■ **Exercise data**
━━━━━━

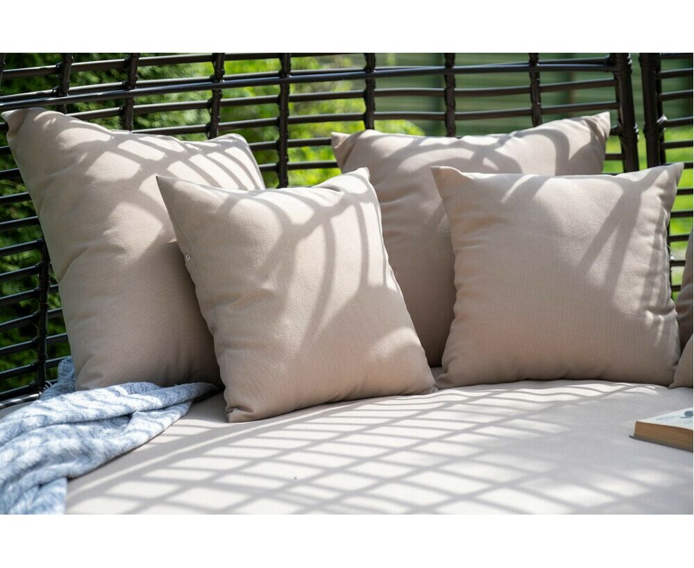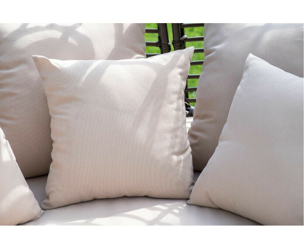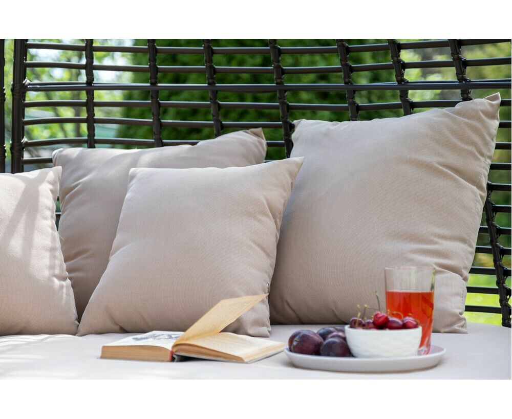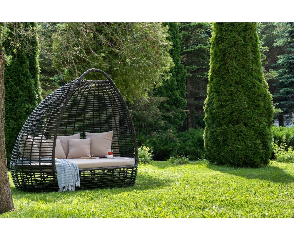 Функциональная полукруглая кровать выполнена плетением вручную из искусственного ротанга. Конструкция усилена алюминиевым каркасом.
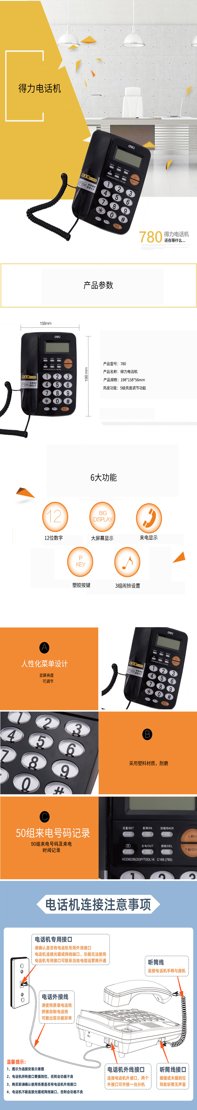 最小销售单位:台 包装数量:30 / 0 / 0 / 1 货号:780 物料描述:得力780电话机(黑)
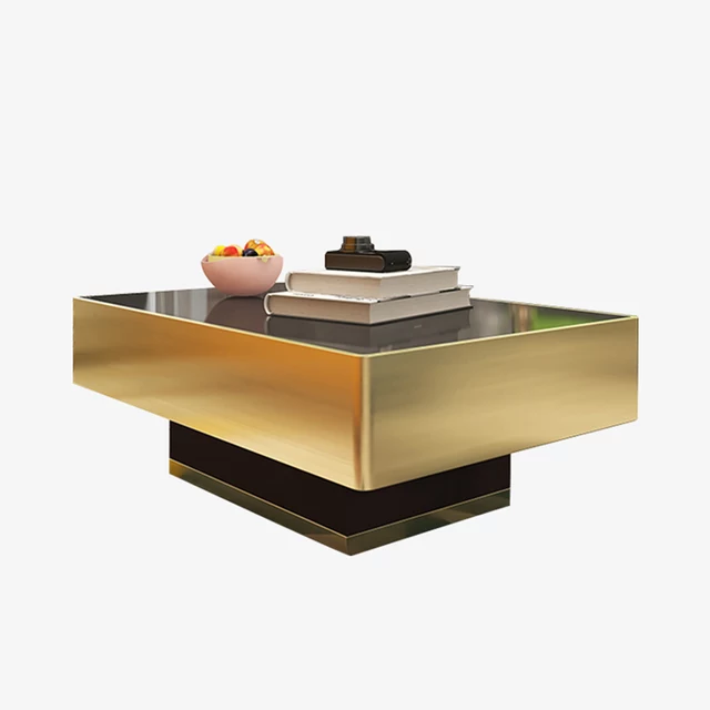Deluxe Stainless steel furniture living room glass table square coffee table sets

━━━━━━

■ **To do**
Restate the listing word for word. Pictures do not belong in the copy.

■ **Solution**
 Функциональная полукруглая кровать выполнена плетением вручную из искусственного ротанга. Конструкция усилена алюминиевым каркасом.
 最小销售单位:台 包装数量:30 / 0 / 0 / 1 货号:780 物料描述:得力780电话机(黑)
Deluxe Stainless steel furniture living room glass table square coffee table sets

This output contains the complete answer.